Robert Eugen Gaupp (3 October 1870 – 30 August 1953) was a German psychiatrist and neurologist who was a native of Neuenbürg, Württemberg.

Gaupp was an assistant to Carl Wernicke (1848–1905) and Karl Bonhoeffer (1868–1948) at the University of Breslau, and afterwards worked with Emil Kraepelin (1856–1926) at Heidelberg University and the Ludwig-Maximilians-Universität München. From 1908 to 1936, he was a professor of psychiatry at the University of Tübingen. One of his assistants was Ernst Kretschmer. Following World War II, he was departmental head of health and welfare for the city of Stuttgart (1945–48).

Gaupp performed numerous investigations of psychological disorders, and is remembered for his case studies of mass-murderer Ernst August Wagner (1874–1938). He was particularly interested in correlations between personality and psychosis, and was an advocate of "pastoral psychology". For a period of time, he was also editor of the Zentralblatt für Nervenheilkunde und Psychiatrie.

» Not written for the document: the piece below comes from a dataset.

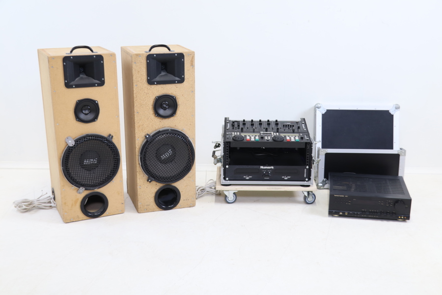 Bilder DJ-utrustning, Numark CM100, förstärkare, Harman/Kardon AVR21, samt ett par högtalare.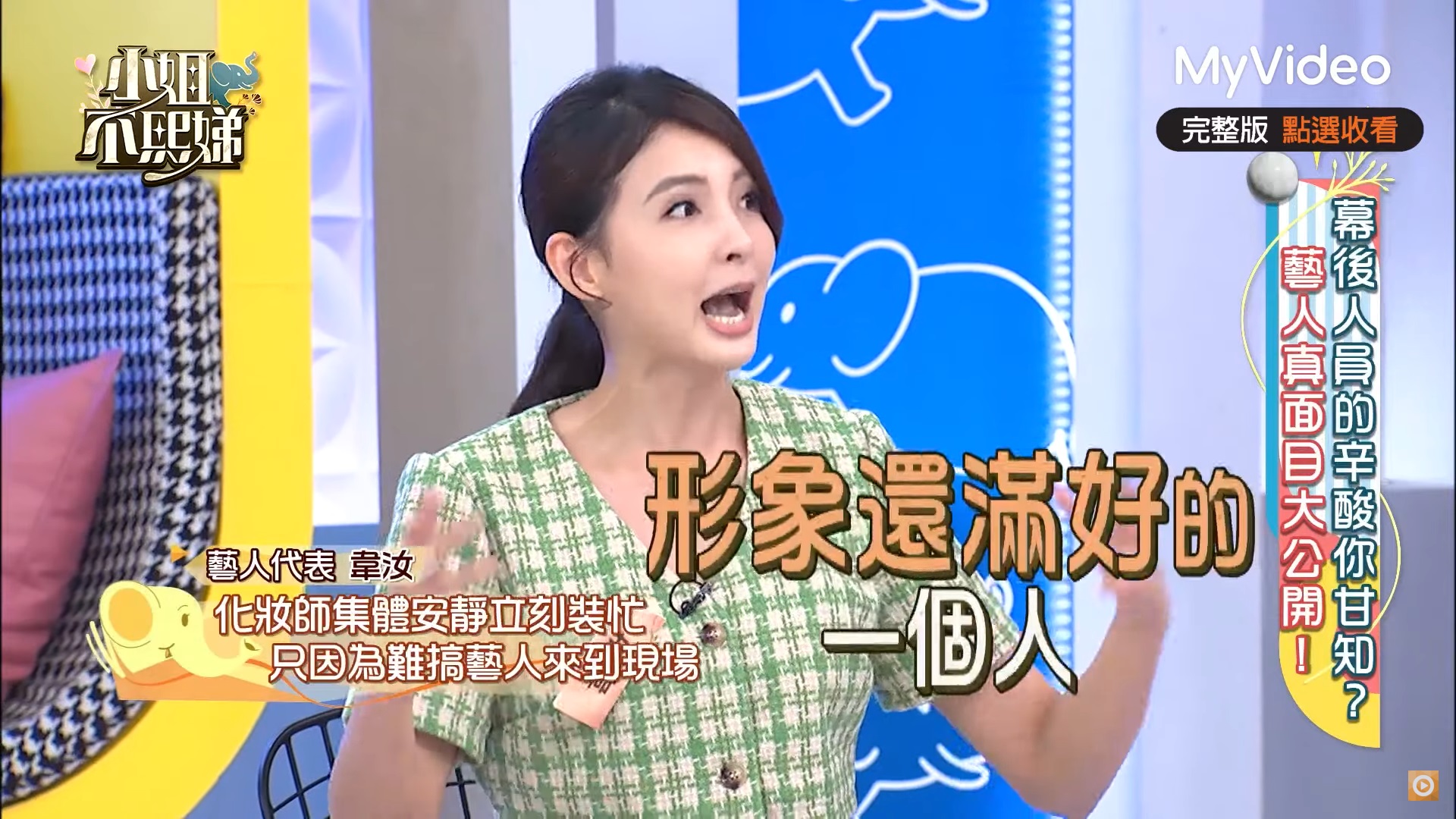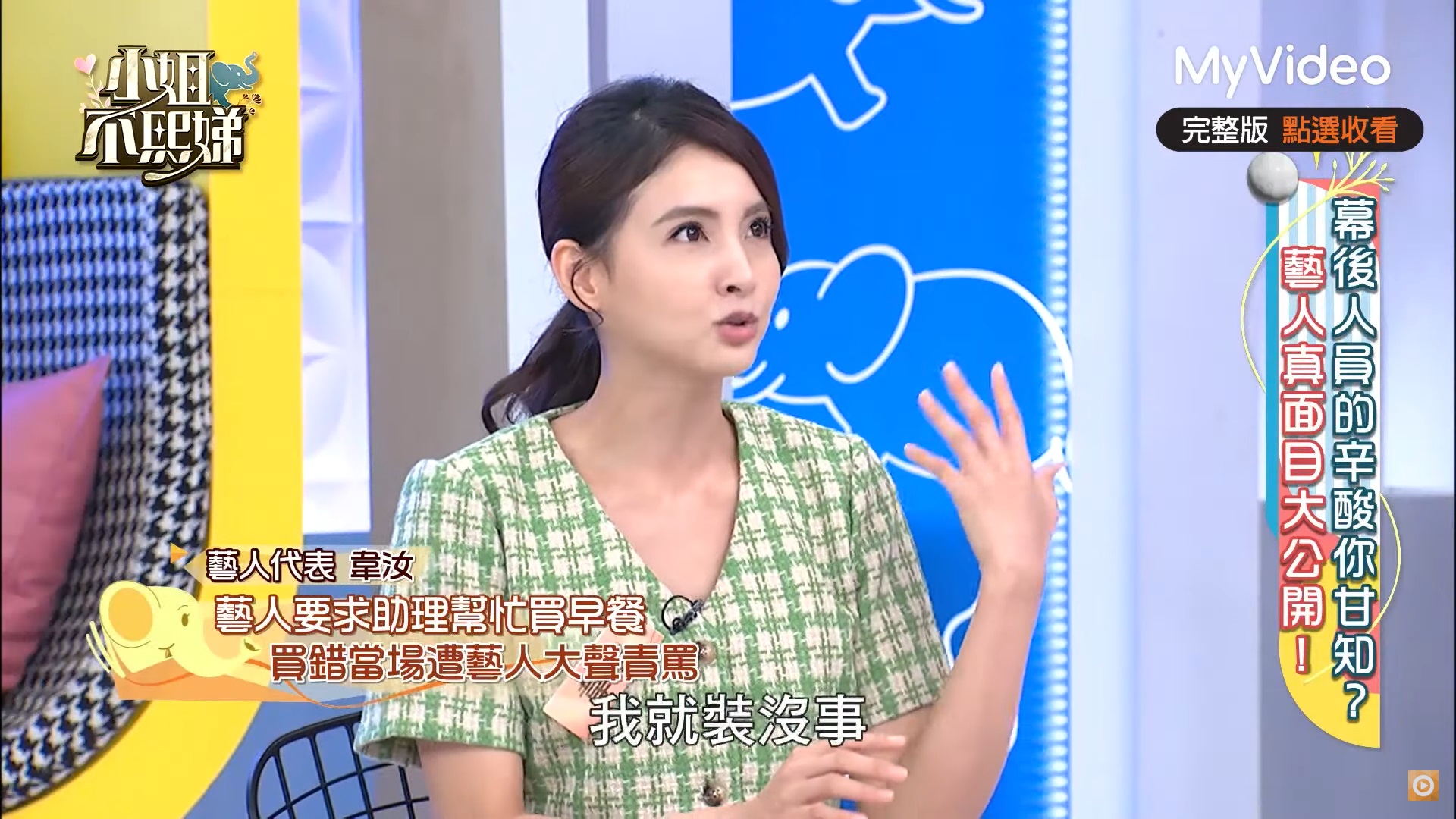 不僅如此,韋汝還有一次目睹助理幫忙買早餐給該位女藝人,由於她不吃小黃瓜,但助理卻沒有注意到此事,於是她當場在化妝間破口大罵,讓韋汝嚇得一身冷汗,小S 聽了都直呼:「她很做自己耶!」更誇張的是,助理表示會把小黃瓜挑掉再給她吃,但該女星沒有因此氣消,反而繼續開罵,「挑掉有什麼用?還不是有那個味道!這樣我怎麼吃啊?」讓韋汝最感到神奇的是,對方只要一進棚開始錄影,就像是換了一個人,對藝人的態度都很好,只有對工作人員會惡言相向。

Sometime shortly after the passage by decree, on 15 September 1935, of the "Nuremberg Laws"(officially "Laws for the Protection of German Blood and Honor"), Gaupp came to the support of a local physician, Albrecht Schroeder (pictured at left in image below), a collegiate fraternity brother in a non-fighting order, die Igel (the Hedgehogs), to which Gaupp also belonged. With the passage of the Nuremberg Laws and the preemption of organizational authority to permit Jewish membership in non-dueling fraternal orders (Jews had never been permitted to join German dueling orders), Schroeder's status was made precarious because he was married to a Jew, née Felicia Rosenstein of Bad Cannstatt, an outer district of Stuttgart. At a meeting convened of the general membership to decide upon Schroeder's suitability for membership given Schroeder's marital status and his "Mischling" (mixed race) children, Gaupp, otherwise unaffiliated with Schroeder (Gaupp was 65 at the time, Schroeder 44; and the two had never before met), declared before those assembled: "Wenn der Schroeder raus muss, dann geh ich auch." (If Schroeder goes, then I go, too.) Schroeder withdrew his petition sometime before final disposition by the fraternity towards his case, and Gaupp himself left the organization voluntarily around the same time, as he had pledged doing on behalf of Schroeder. The two men remained close friends until Gaupp's death in 1953.